= Beginning of Section =

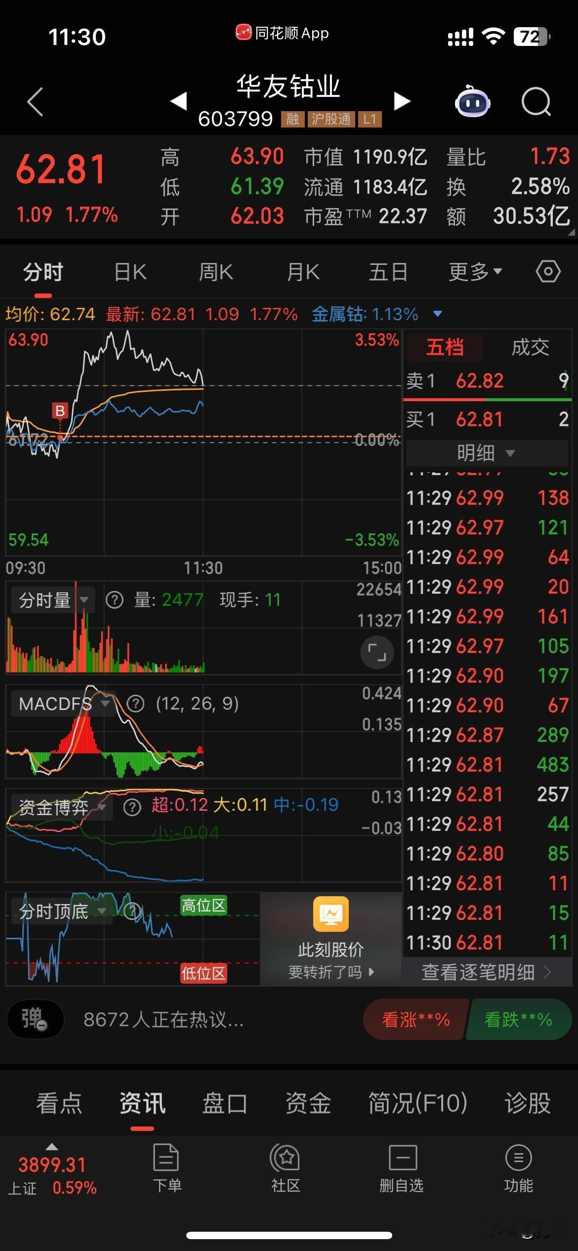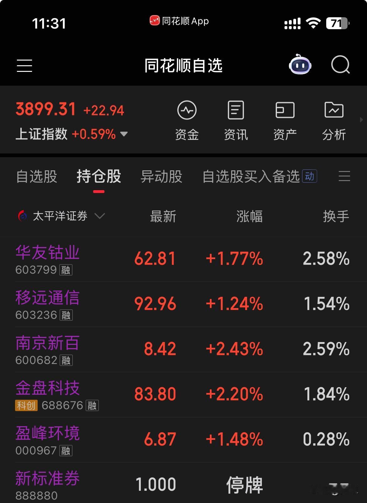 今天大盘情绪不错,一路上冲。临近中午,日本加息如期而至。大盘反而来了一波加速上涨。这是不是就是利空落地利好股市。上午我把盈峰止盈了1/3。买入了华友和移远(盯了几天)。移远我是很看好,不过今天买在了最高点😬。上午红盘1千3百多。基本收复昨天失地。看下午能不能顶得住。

= End of Section =
= Beginning of Section =

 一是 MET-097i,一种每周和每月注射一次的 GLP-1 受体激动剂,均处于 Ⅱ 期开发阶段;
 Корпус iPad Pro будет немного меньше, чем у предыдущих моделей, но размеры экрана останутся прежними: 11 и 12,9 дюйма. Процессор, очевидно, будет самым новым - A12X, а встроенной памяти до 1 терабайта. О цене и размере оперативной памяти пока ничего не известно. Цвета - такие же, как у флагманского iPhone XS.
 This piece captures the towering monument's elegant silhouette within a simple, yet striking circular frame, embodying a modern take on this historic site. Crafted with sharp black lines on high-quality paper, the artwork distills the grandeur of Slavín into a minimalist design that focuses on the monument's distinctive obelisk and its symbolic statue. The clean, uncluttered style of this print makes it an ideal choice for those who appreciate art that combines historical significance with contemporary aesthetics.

= End of Section =

What to produce: Print exactly the lines above, between the one holding "一是 MET-097i,一种每周和每月注射一次的 GLP-1" and the one holding "This piece captures", inclusive, and nothing besides.

Response to this exercise:
 一是 MET-097i,一种每周和每月注射一次的 GLP-1 受体激动剂,均处于 Ⅱ 期开发阶段;
 Корпус iPad Pro будет немного меньше, чем у предыдущих моделей, но размеры экрана останутся прежними: 11 и 12,9 дюйма. Процессор, очевидно, будет самым новым - A12X, а встроенной памяти до 1 терабайта. О цене и размере оперативной памяти пока ничего не известно. Цвета - такие же, как у флагманского iPhone XS.
 This piece captures the towering monument's elegant silhouette within a simple, yet striking circular frame, embodying a modern take on this historic site. Crafted with sharp black lines on high-quality paper, the artwork distills the grandeur of Slavín into a minimalist design that focuses on the monument's distinctive obelisk and its symbolic statue. The clean, uncluttered style of this print makes it an ideal choice for those who appreciate art that combines historical significance with contemporary aesthetics.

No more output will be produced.